Daniel was losing himself in his lust for me. He was shaking, and so was I.

"Tonight, we will make love, Daniel. I've wanted this for years. I give my everything to you. Do you understand?"

He shook his head.

"We are married now. My body--all of it--is yours to pleasure yourself with. And I will pleasure myself with you. Over and over, again and again."

"My God, Emma. You are so beautiful. Look at you! A gorgeous Italian beauty! I love you so much. I am the luckiest man in the world that you could love me as I love you."

"And you are my ebony stud. You are so beautiful to me, Daniel. I have lusted after you since the first day we met. Do you remember?"

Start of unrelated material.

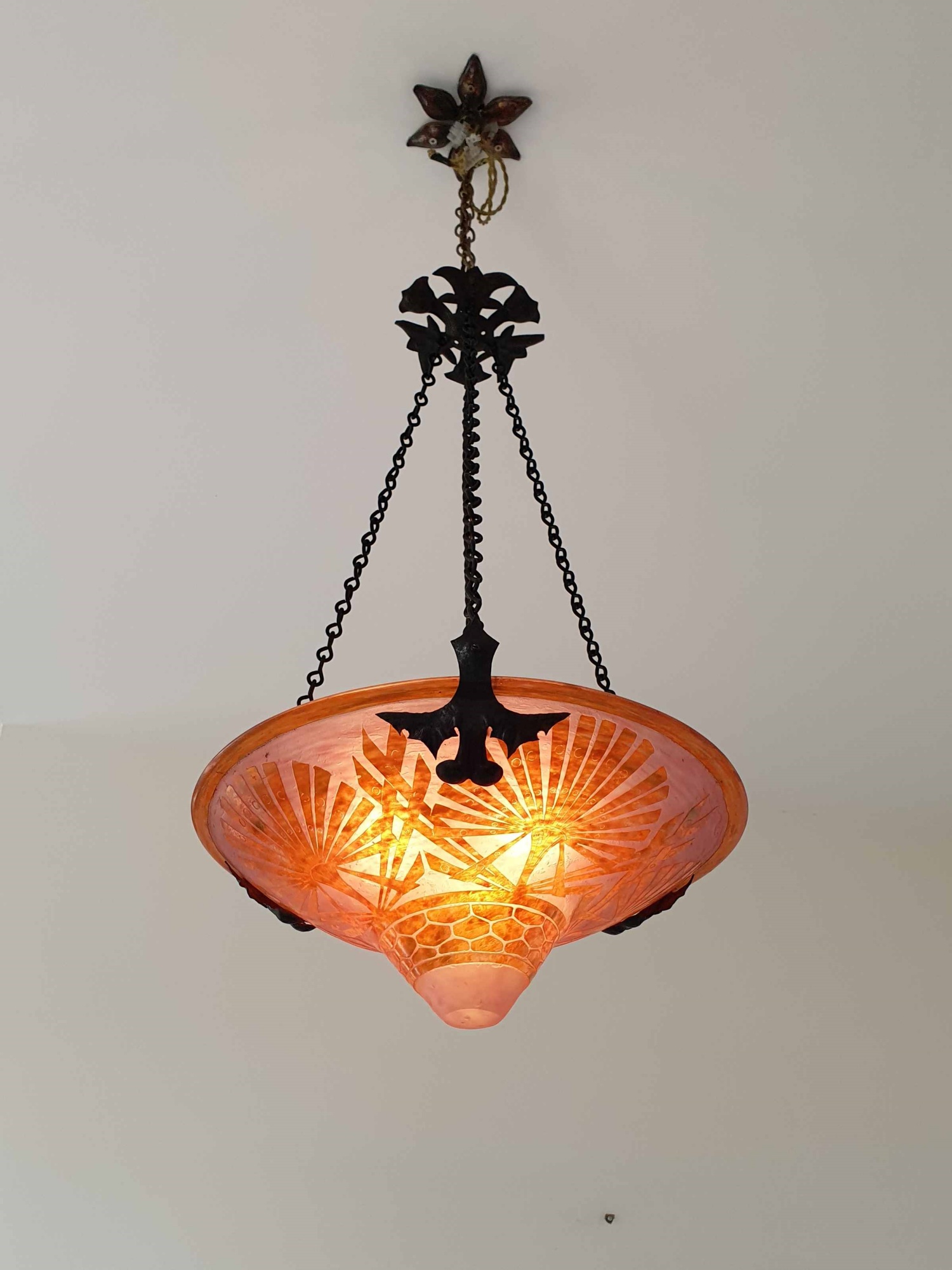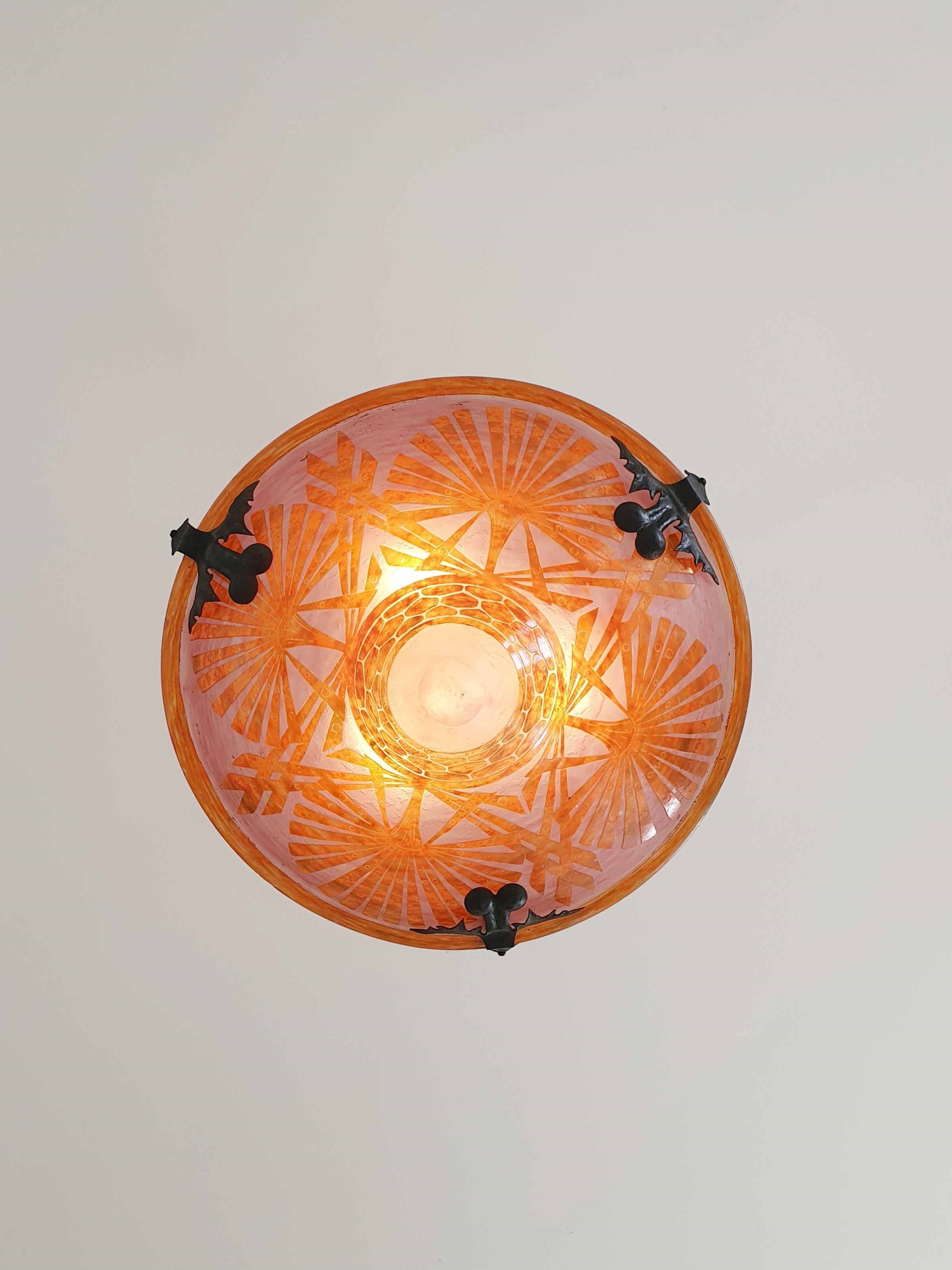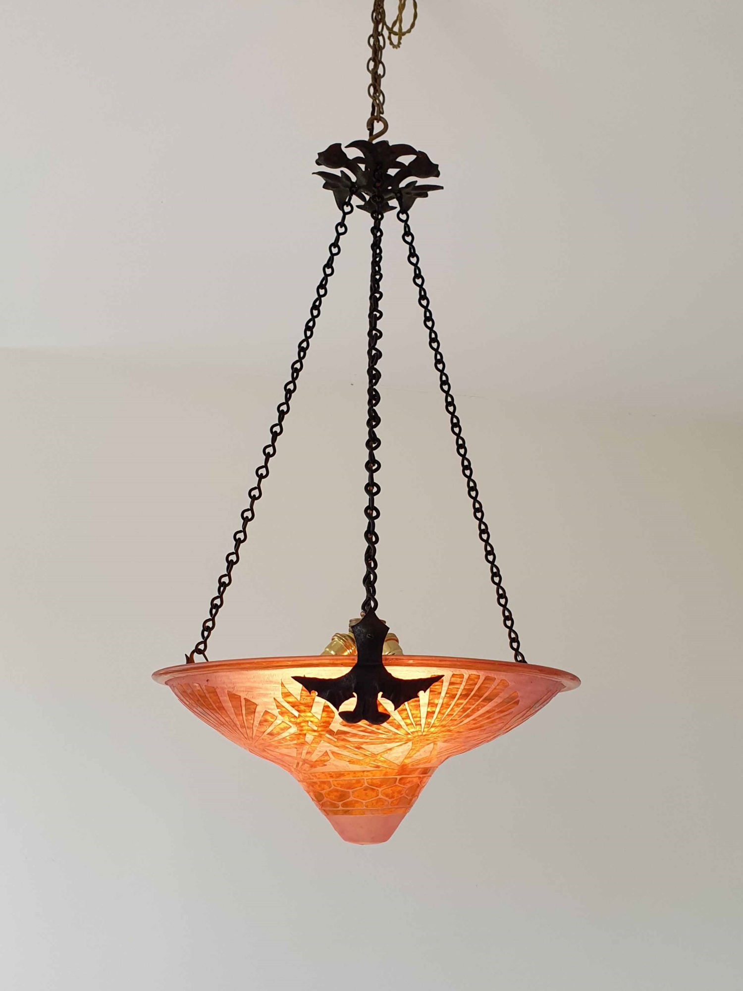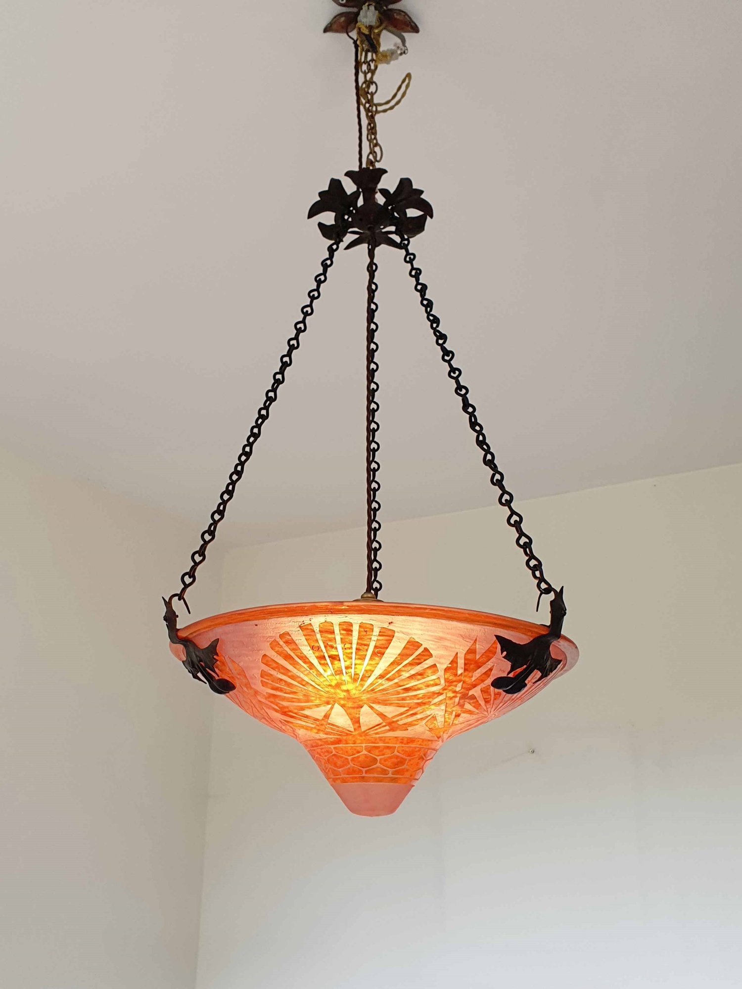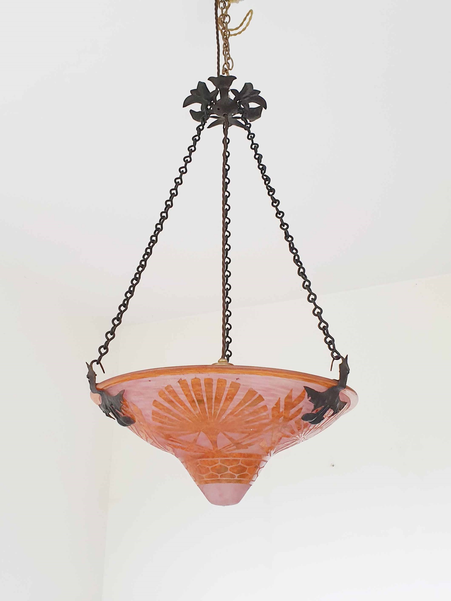 A “Le Verre Francais” cameo-glass plafonnier, designed with stylised orange foliage overlaid on pink, apparently unsigned, with original iron chains and ceiling hook for suspension. France c1922.

"How could I forget? Freshman year. Sitting in class, and in walks the woman of my dreams! A vision. So elegant and poised. I knew then I wanted to marry you."

"You did?"

"Oh, yes. It was love at first sight. I would have waited my entire life to be with you."

"Wait no longer, my love. I am yours. Take me. Take all of me. Whatever you desire. Anything."

"Anything? What do you mean?"

"All my body is yours now, Daniel. And all your body is mine. I mean to take it. I want you to take me, in any way you imagine. But first, I want you to make love to me. To enter me. To cum inside me and seal our marriage in our pleasure and love. I want to lie back and feel you enter me."

"Okay," replied Daniel, simply. His eyes looked wild.

I moved to him, crossing the distance in two steps, and pressed myself to him. My mouth found his with hunger and I groaned at the feel of his hard cock pressing between us, reaching up past my belly button. We kissed, our tongues dancing, our hands caressing and exploring. His fingers found my wet slit and slid down along my clit and into my depths. I groaned into his mouth and reached down and took his hard, hot penis into my gentle hand. I stroked him, savouring the glorious hardness and maleness of him.

We shuffled to the bed and flopped down hard on our sides. We squirmed our way further up the bed until we found the pillows. Rose petals clung to us. All that existed was his body and mine and the pleasures we would pull from one another.

I found myself on my back, my legs spread in a delicious wanton way I was now free to enjoy. Daniel crawled up between my legs until he lay on me, his cock pressed against my wet labia, spreading them apart and rubbing deliciously on my clit. We necked hard. My tongue driving into his mouth with desire. His tongue rammed into my mouth, and we sucked on each other's tongues, swallowing our spit, and sinking into each other's souls.

My mind was purely on my vagina. An ache I hadn't felt before burned down there. My pussy felt more alive than ever before. I was intimately aware of every little feeling. Wetness poured from me. I could feel the rivulets escaping me. My pussy felt like it was opening on its own. Spreading for my husband. My man. My lover. My best friend in the whole wide world.